Já no que diz respeito às ações propostas perante a Justiça do estado de Mato Grosso do Sul,
as normativas que tratavam da aludida isenção (Leis Estaduais n.º 1.135/91 e n.º 1.936/98)
restaram revogadas a partir da edição da Lei Estadual n.º 3.779/09 (art. 24, §§ 1.º e 2.º), pelo
que, nos feitos advindos daquela Justiça Estadual, de rigor a imposição à autarquia
previdenciária do pagamento das custas processuais, exigindo-se o recolhimento apenas ao
final da demanda, caso caracterizada a sucumbência.
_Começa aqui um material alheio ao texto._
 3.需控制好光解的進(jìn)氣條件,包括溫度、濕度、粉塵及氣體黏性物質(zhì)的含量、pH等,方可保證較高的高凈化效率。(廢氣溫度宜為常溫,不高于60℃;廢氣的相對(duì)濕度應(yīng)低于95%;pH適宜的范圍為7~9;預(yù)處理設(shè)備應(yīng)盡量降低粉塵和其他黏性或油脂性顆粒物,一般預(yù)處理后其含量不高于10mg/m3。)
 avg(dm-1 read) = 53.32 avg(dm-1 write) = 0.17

À vista do quantoprevisto no art. 85 do Código de Processo Civil, sendo o caso de sentença
ilíquida, o percentual da verba honorária deverá ser fixado na liquidação do julgado, com
observância ao disposto no inciso II do § 4.º, c. c. o § 11, ambos do art. 85 do CPC, bem como
no art. 86 do mesmo diploma legal.
Do mesmo modo, quanto à base de cálculo,considerando a questão submetida a julgamento no
Tema n.º 1.105 do Superior Tribunal de Justiça ("Definição acerca da incidência, ou não, da
Súmula 111/STJ, ou mesmo quanto à necessidade de seu cancelamento, após a vigência do
CPC/2015 (art. 85), no que tange à fixação de honorários advocatícios nas ações
previdenciárias"), postergo sua fixação para a ocasião do cumprimento de sentença.
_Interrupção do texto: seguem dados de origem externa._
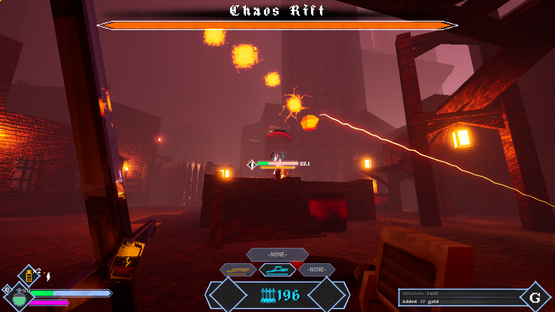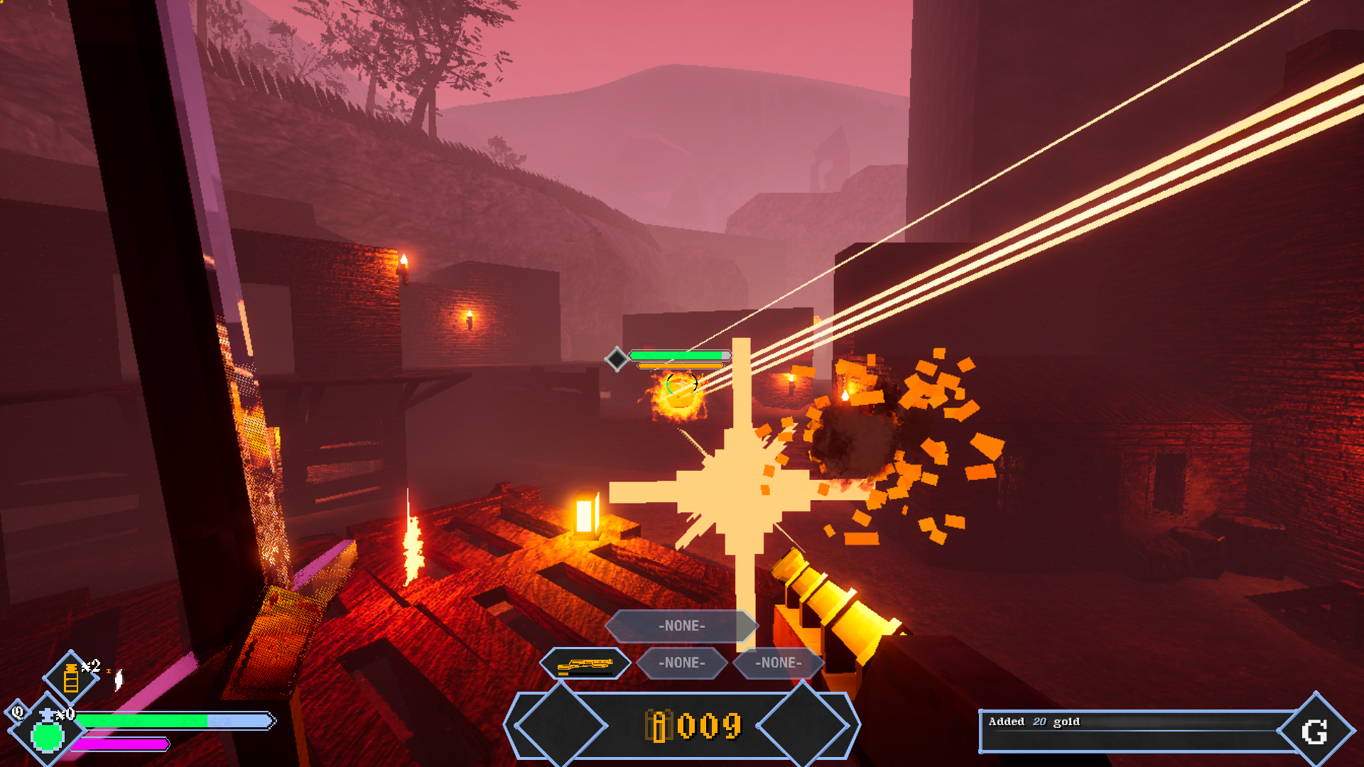 I like the project so far - when I got the shotgun and saw the shotgun blast through barrels like paper mache I said "hell yeah" out loud to my audience of one partner and one cat. I also crashed the game by jumping off the edge of the world like an idiot, but if it helps, the crash only happened when my character would have collided with the ground. I was fine the way down, but the engine had a fatal crash when I splattered on the pavement lmfao. I'm excited to see what updates come out, and what you come up with next.

Posto isso, dou provimento à apelação, para reformar a sentença e conceder à parte autora o
benefício de auxílio-doença, fixando os consectários nos termos acima preconizados.
É o voto.
THEREZINHA CAZERTA
Desembargadora Federal Relatora
E M E N T A
PREVIDENCIÁRIO. APOSENTADORIA POR INVALIDEZ. AUXÍLIO-DOENÇA.
TRABALHADOR RURAL. COMPROVAÇÃO DA ATIVIDADE DE RURÍCOLA NO PERÍODO
ANTERIOR AO REQUERIMENTO. INCAPACIDADE RECONHECIDA PELO LAUDO
PERICIAL. CONCESSÃO DO BENEFÍCIO.
- Os requisitos à aposentadoria por invalidez, conforme preceituam os arts. 42 e seguintes da
Lei n.° 8.213/91, consistem na presença da qualidade de segurado, na existência de
incapacidade total e permanente para o trabalho e na ocorrência do cumprimento da carência,
nas hipóteses em que exigida. O auxílio-doença, por sua vez, é concedido nos casos de
incapacidade temporária.
- Necessária a contextualização do indivíduo para a aferição da incapacidade laborativa. Os
requisitos insertos na Lei de Benefícios devem ser observados em conjunto com as condições
sócio-econômica, profissional e cultural do trabalhador.
- A atividade rural deve ser comprovada por meio de início de prova material, aliada à prova
testemunhal.
- Preenchidos os requisitos legais - quais sejam, qualidade de segurada, incapacidade e
cumprimento do período de carência (12 meses) -, é de rigor a concessão do benefício.
- Reconhecimento da procedência do pedido formulado.
ACÓRDÃO
Vistos e relatados estes autos em que são partes as acima indicadas, a Oitava Turma, por
unanimidade, decidiu dar provimento à apelação, nos termos do relatório e voto que ficam
fazendo parte integrante do presente julgado.